◆ DATA:
● ● ● ● ● ● ●

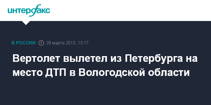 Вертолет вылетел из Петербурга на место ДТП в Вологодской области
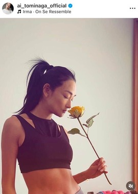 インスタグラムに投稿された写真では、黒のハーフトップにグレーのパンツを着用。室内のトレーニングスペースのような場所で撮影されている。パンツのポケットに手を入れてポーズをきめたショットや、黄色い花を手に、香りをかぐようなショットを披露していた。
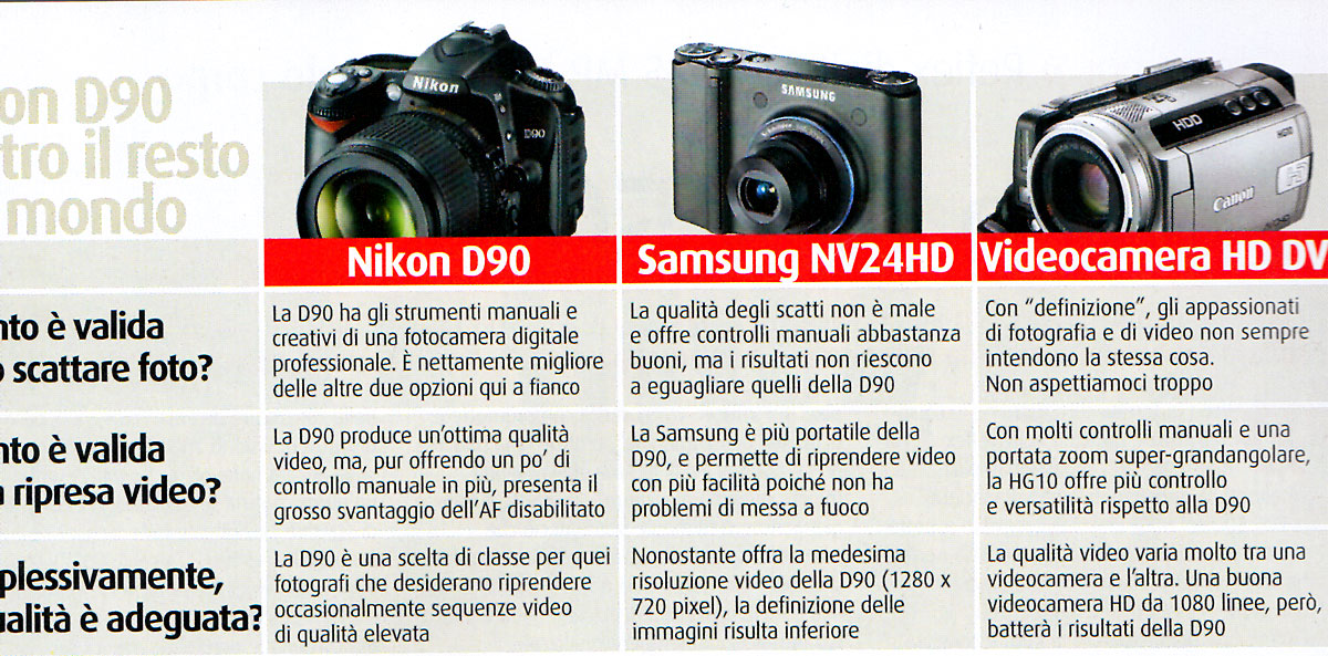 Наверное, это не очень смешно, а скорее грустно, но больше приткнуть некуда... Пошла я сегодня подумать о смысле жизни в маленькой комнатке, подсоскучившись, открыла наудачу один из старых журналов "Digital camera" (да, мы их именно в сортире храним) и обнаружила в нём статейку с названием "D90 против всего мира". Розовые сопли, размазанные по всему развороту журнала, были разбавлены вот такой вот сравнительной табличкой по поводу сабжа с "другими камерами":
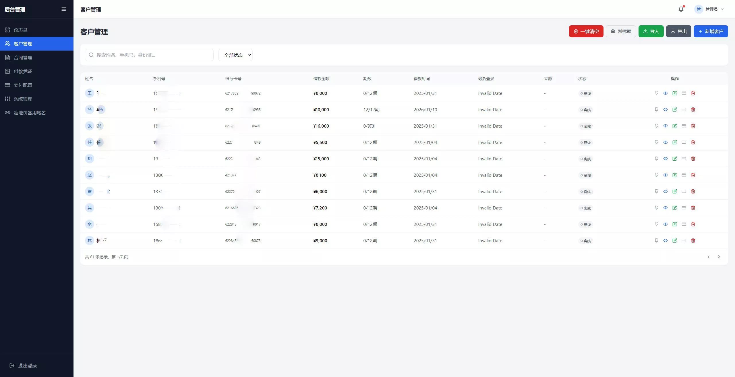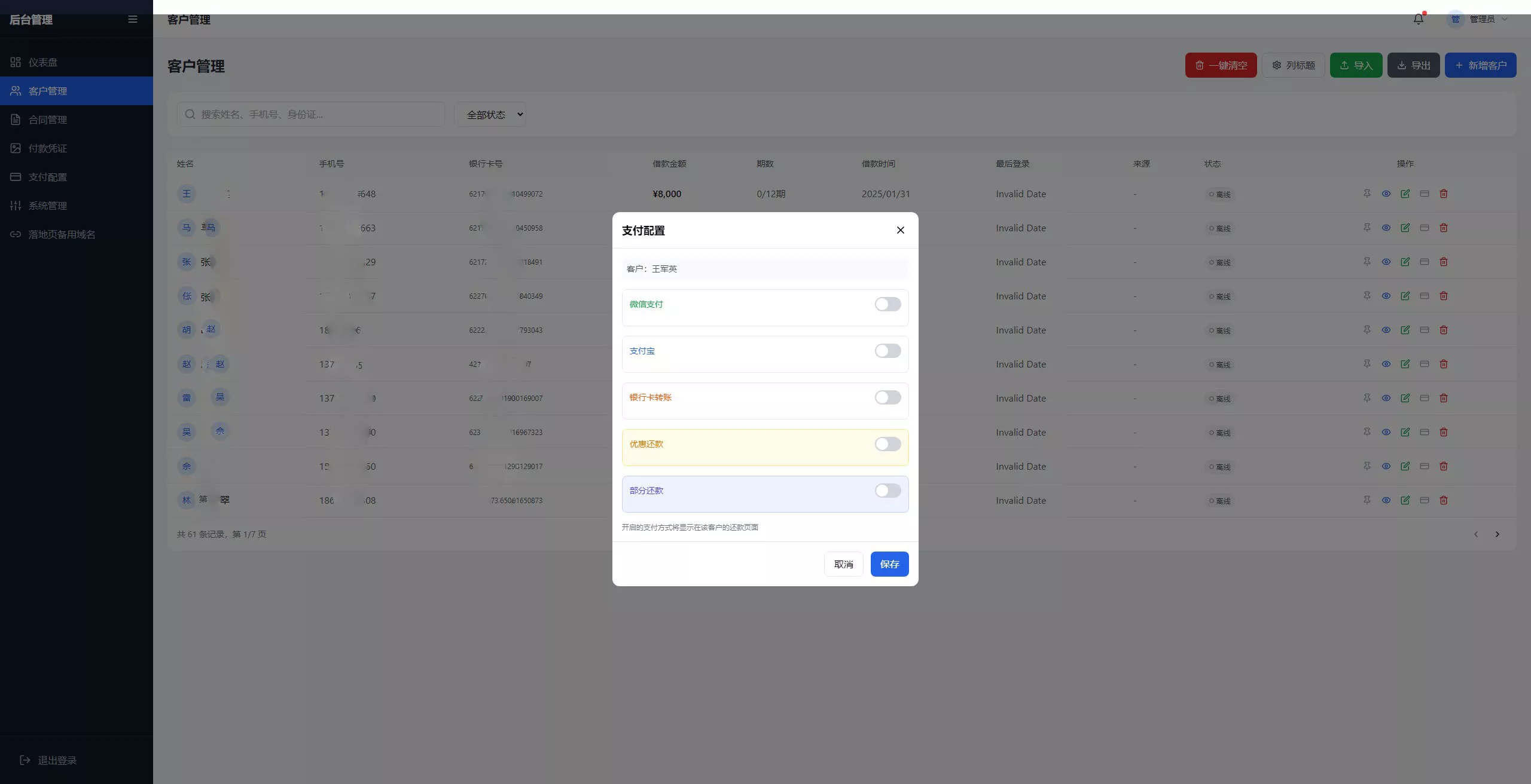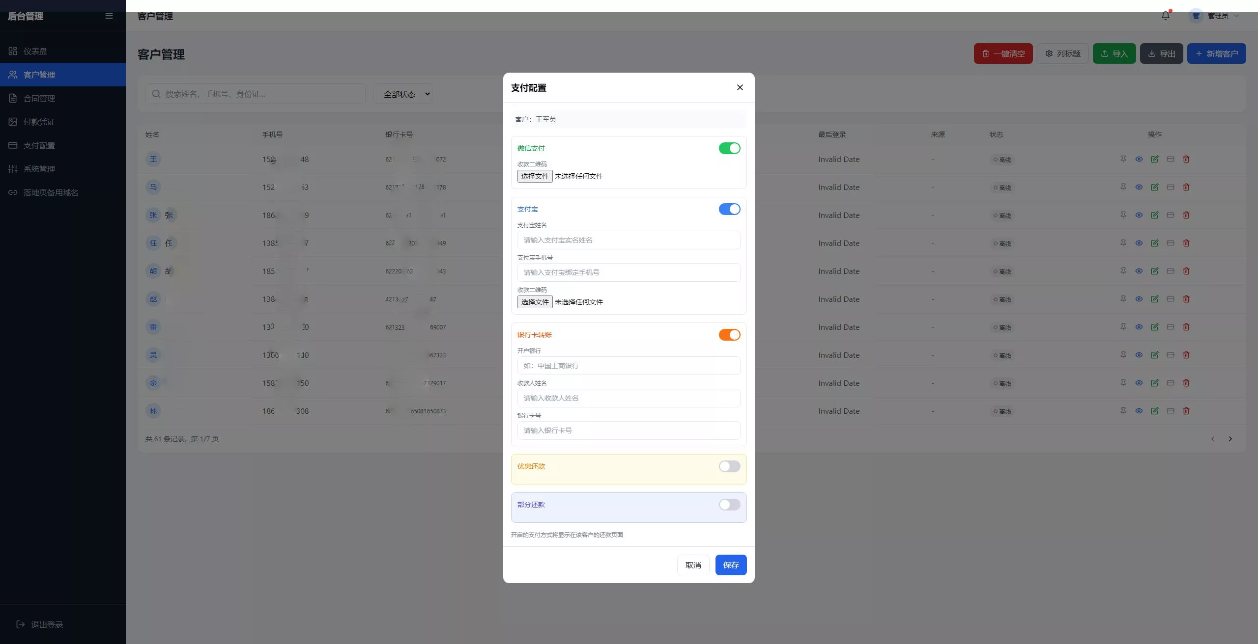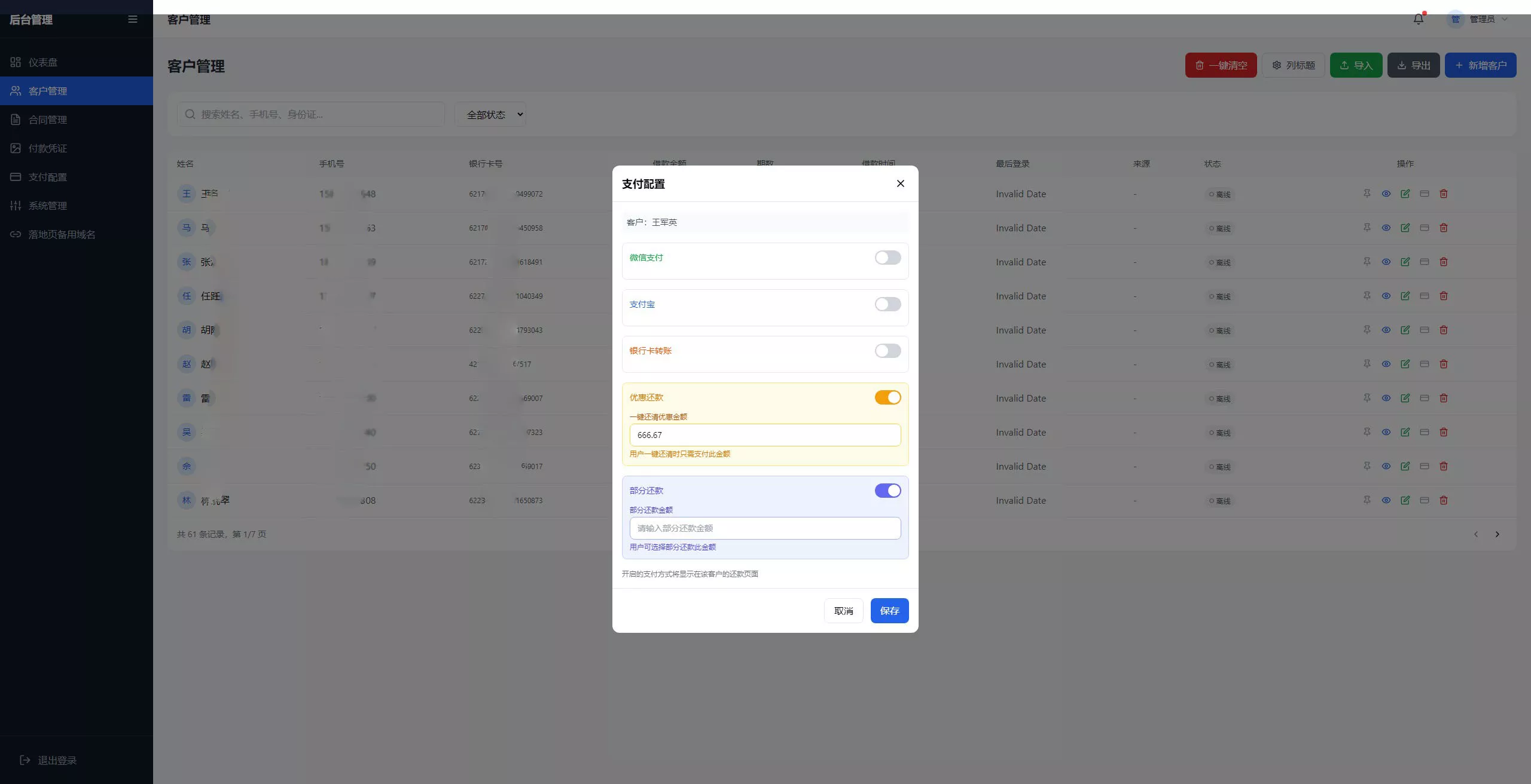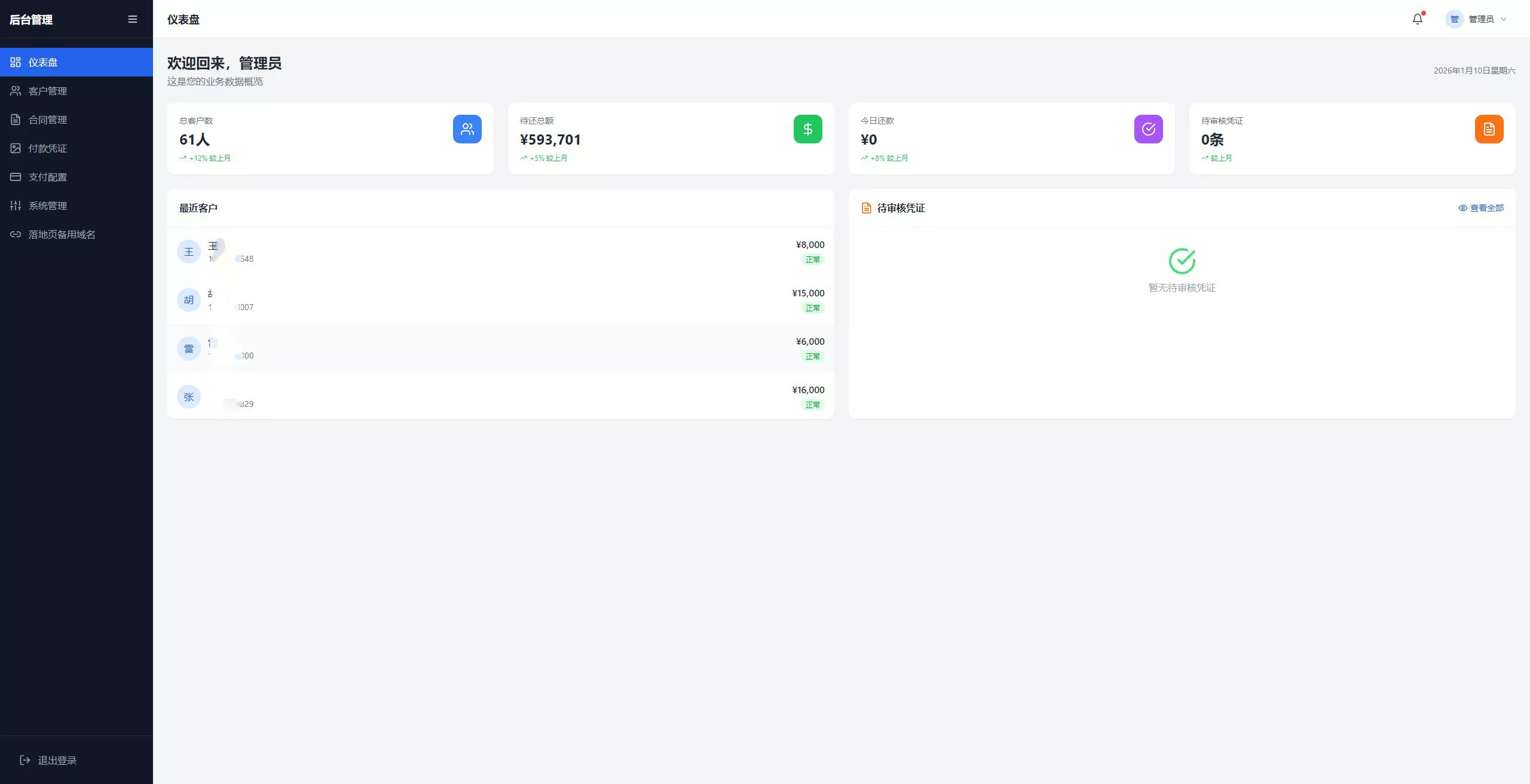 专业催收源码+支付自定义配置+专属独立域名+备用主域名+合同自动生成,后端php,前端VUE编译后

● ● ● ● ● ● ●

◆ INSTRUCTIONS TO FOLLOW:
Give back all of the data exactly, but not the pictures.

◆ OUTPUT FOR THIS TASK:
 Вертолет вылетел из Петербурга на место ДТП в Вологодской области
 インスタグラムに投稿された写真では、黒のハーフトップにグレーのパンツを着用。室内のトレーニングスペースのような場所で撮影されている。パンツのポケットに手を入れてポーズをきめたショットや、黄色い花を手に、香りをかぐようなショットを披露していた。
 Наверное, это не очень смешно, а скорее грустно, но больше приткнуть некуда... Пошла я сегодня подумать о смысле жизни в маленькой комнатке, подсоскучившись, открыла наудачу один из старых журналов "Digital camera" (да, мы их именно в сортире храним) и обнаружила в нём статейку с названием "D90 против всего мира". Розовые сопли, размазанные по всему развороту журнала, были разбавлены вот такой вот сравнительной табличкой по поводу сабжа с "другими камерами":
 专业催收源码+支付自定义配置+专属独立域名+备用主域名+合同自动生成,后端php,前端VUE编译后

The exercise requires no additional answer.